Sitting here, minutes after the first walk through of camp, Jason Garrett giving his press conference behind me, there is a genuine sense of optimism. There are no dragon slayers in the NFC East, so there's no reason the Cowboys shouldn't win the division. There's no reason Romo can't stay healthy and start 15 games, which he did for four straight seasons before last season. There's no reason Dez Bryant shouldn't return to being an All-Pro caliber wide out. There's no reason Ezekiel Elliott shouldn't win Offensive Rookie of the Year running behind the league's premier blocks of granite. Heck, even Jaylon Smith looked good doing resistance work associate athletic trainer Britt Brown, the rookie linebacker was shuffling and back pedaling much like Anthony Spencer was here two years ago and the latter played by Week 4 (this is probably ridiculously overly optimistic, but it's the theme of the column, leave me be).
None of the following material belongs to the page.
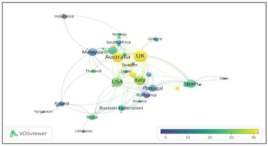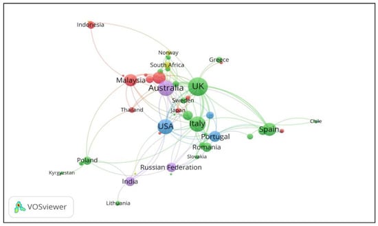 The screenshot of the bibliometric map created based on countries’ publications with network visualization mode. as shown in Figure 5 and the following link: https://bit.ly/30p7K7C/ accessed on 12 June 2022.

Know what else cause for optimism is. Team unity, team chemistry, call it whatever you wish. Without delving into specifics (forgive me, off the record is off the record), there were certain negative influences on this football team that are no longer here. One in particular gave black cloud a new meaning. And while winning can almost always overcome such issues, seven-game losing streaks tend to implode black clouds into mushroom clouds. Such was the case.

The first day of training camp, filled with hope and optimism … and you know what, there's this: There is no possible way the next five months can be any worse than what took place last year. So there's that.